Yine Denizli turist ve öğrenci kapasitesi geniş bir il. Var mı öğrenciler için ücretsiz kültür gezisi sağlayacak ulaşım araçları? Var mı öğrencilerin hobi ve kariyer gelişimleri için bir yerler kurmak, ayarlamak isteyen? Var mı bu genç beyinlerin, yeni fikir ile gelenlerin projesini fikrini değerlendiren? Kadınların oylarına talip olan herkeste de aynı vaat zaten. Kadın sadece anne çünkü, kadın sadece ev hanımı çünkü. Hep buna göre vaatler. Buraya girersem objektif kalamayacağım o yüzden konunun özüne dönüyorum...
Yol yapmak, yolun bakımını yapmak, park yapmak, temiz ve düzenli bir çevre, başvuruları dikkate almak…bunlar zaten belediyelerin işlevleri ve şehir işleyişi dışında yapabilecekleri. Bunlar vaat değil, vaadi verdiğiniz insanlar da inanın ki şu durumlarda bunlara muhtaç değil.
Beş yıllık görevi olanlar beş yıllık plan yapıp hepsini gerçekleştirmeli ki yönetici olduğunu kanıtlasın.
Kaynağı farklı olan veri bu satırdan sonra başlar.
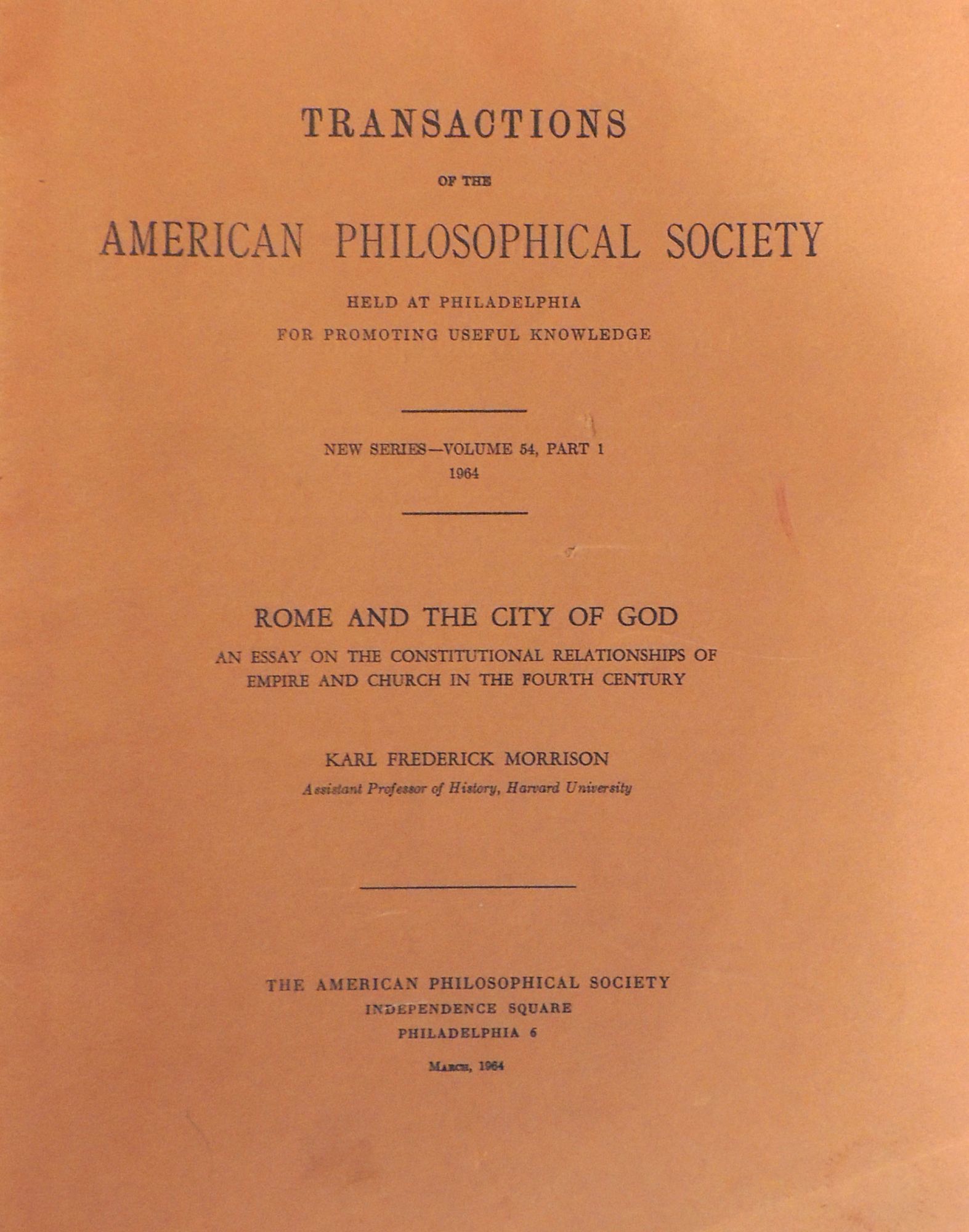 Transactions of the American Philosophical Society Helt at Philadelphia for Promoting Useful Knowledge, New Series - Volume 54, Part 1, 1964: Rome and the City of God, An Essay on the Consitutional Relationshipsof Empire and Church in the Fourth Century
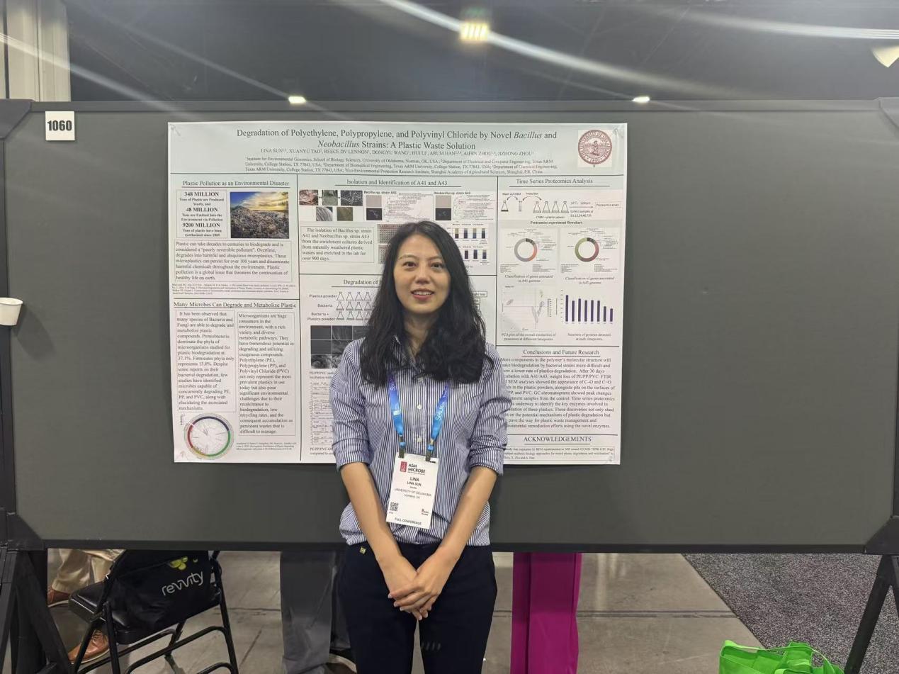 在周集中教授的全力支持和指导下,孙丽娜深化了对微塑料降解机制的理解,并系统学习了多项前沿实验技术,包括高通量测序技术、质谱分析方法以及基因编辑在微生物代谢研究中的应用。这些技术为研究微生物菌株在塑料降解中的作用机理提供了重要技术支持。在美进修期间,孙丽娜积极参与国际学术交流活动,并在2024年美国微生物学会(ASM)年会上作了题为“Degradation of Polyethylene, Polypropylene, and Polyvinyl Chloride by Novel Bacillus and Neobacillus Strains: A Plastic Waste Solution”的学术报告。该报告引起了与会专家的广泛关注,进一步推动了关于塑料污染治理技术的深入讨论。

Bayram yerine döndü ortalık sapır saçma vaatlerden, sesini duyunca tüylerimizin diken diken olduğu seçim arabalarından...
Bu "seçim" saçmaları ile ilgili daha çok şey var ama hangi birini söyleyeyim ki? Söylemenin faydası oluyor mu ancak bir sonraki seçimde görürüz herhalde artık!